James Moore winning Best Newcomer at the National Television Awards
As the title suggests, the Best Newcomer accolade celebrates talented actors and actresses that have recently burst onto our screens. For the award, he was up against four non-disabled actors:
- Aedan Duckworth, who plays Oliver Morgan in Hollyoaks
- Alexandra Mardell as Emma Brooker in Coronation Street
- Newt Mohan, who is Dr Rashid “Rash” Masum in Casualty
- Ricky Champ as Stuart Highway in EastEnders
Overjoyed by his win, he spoke about the importance of having a disabled character on such a highly-profile TV show. “Thank you so much, this means the world to me.
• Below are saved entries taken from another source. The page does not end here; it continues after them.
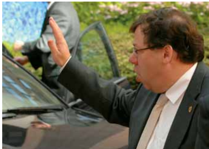
Irlands premiärminister Brian Cowen

de José Manuel Barroso säger att "resultatet ska självklart respekteras" för att genast komma med reservationer:
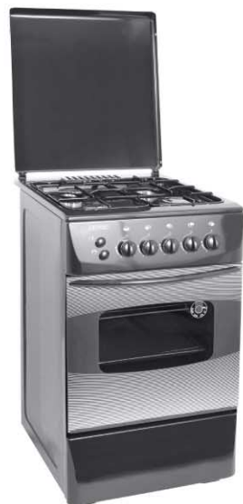
Цвет: серый Модель на фото: ПГ4 103-4А
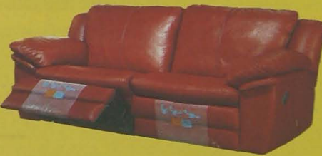
CONJUNTO MODERNO CON RELAX EN PIEL FLOR COLORES A ELEGIR
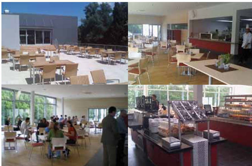
Das neue Restaurant von Mercedes Benz in Salzburg.

Diese Zusammenarbeit mit SV Österreich, bei der in vernetzten Dienstleistungen gedacht und gearbeitet wird, zeichnet uns als Lösungsanbieter aus. Unser gemeinsames Ziel sind langjährige Partnerschaften, in denen wir uns gemeinsam mit unseren Kunden und ihren Gästen weiterentwickeln. Wir setzen auf individuel-
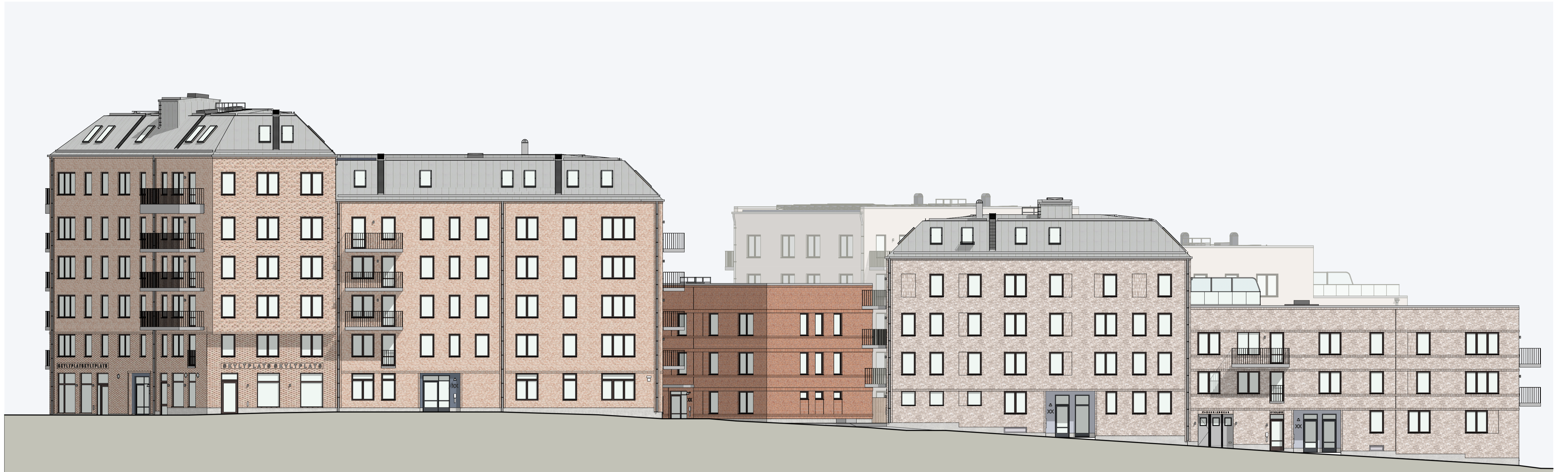
Fasader mot Norr - Hus L1 L2 1:150
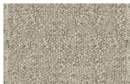
08 ZEALAND TAPPETO CM 550X550 - SPECIAL SIZE
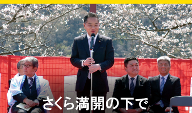
さくら満開の下で

青梅市梅郷で「観梅市民まつり」が開催されました。暖かな好天に恵まれましたが、花粉も大量に飛散しており、個人的にはかなりつらかったです?!
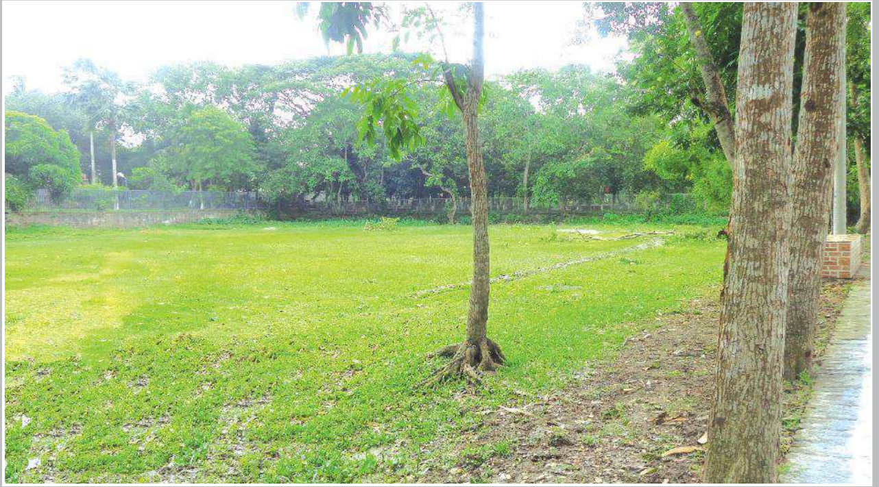
জাতির পিতার বাল্যকালের খেলার মাঠ | Childhood playground of Father of the Nation
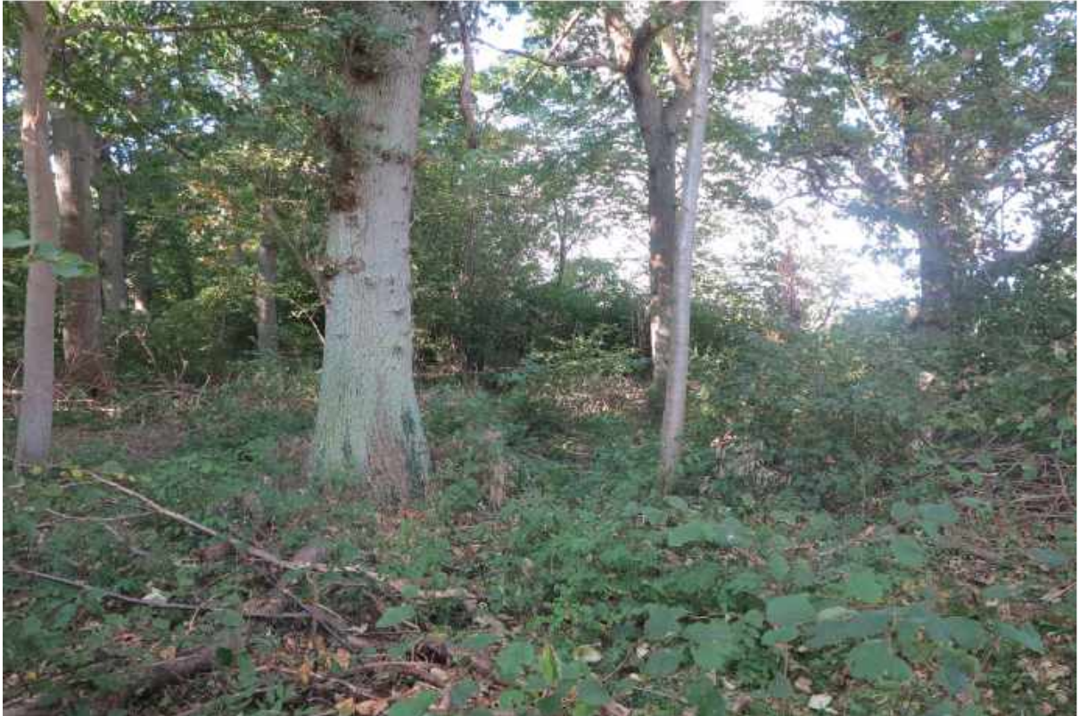
Skov nummer 1 er udelukkende bevokset med ældre ege.
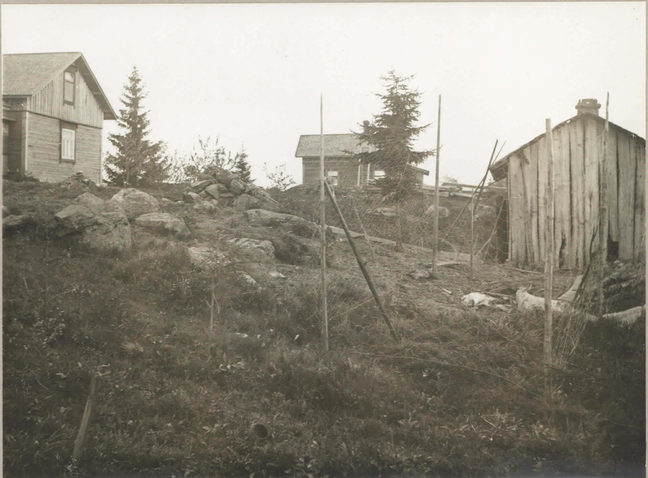
1. Mäkirinteen rautakautinen kalmisto (H. M. 9220). Taustassa Kirkojärvi ja kirkko.
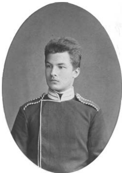
Петр Козлов, 1883
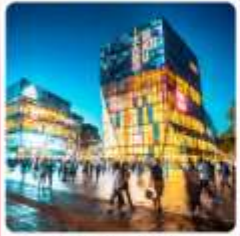
ย่านชานหลี่ถุน
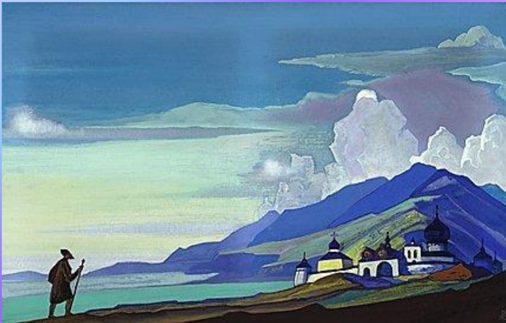
Странник Светлого Града 1933. Холст, темпера. 61,2 x 97 см Музей Н.К.Рериха, Нью-Йорк
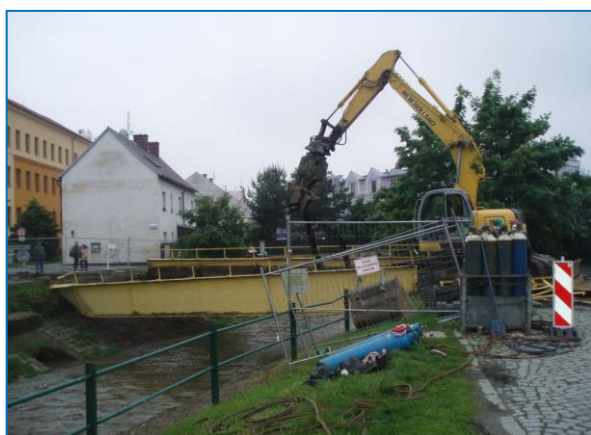
Demolice mostu přes Sítku 27. května

A year ago, I never thought I would be here… to take on someone with a disability shows the progression that we need in this day and age.”
You can watch his win at the National Television Awards in the video below.
Who is Ryan Stocks in Emmerdale?
27-year-old Ryan Stocks was thought to have died shortly after his birth, having been abandoned by Charity, who became pregnant through abuse at the age of just 14.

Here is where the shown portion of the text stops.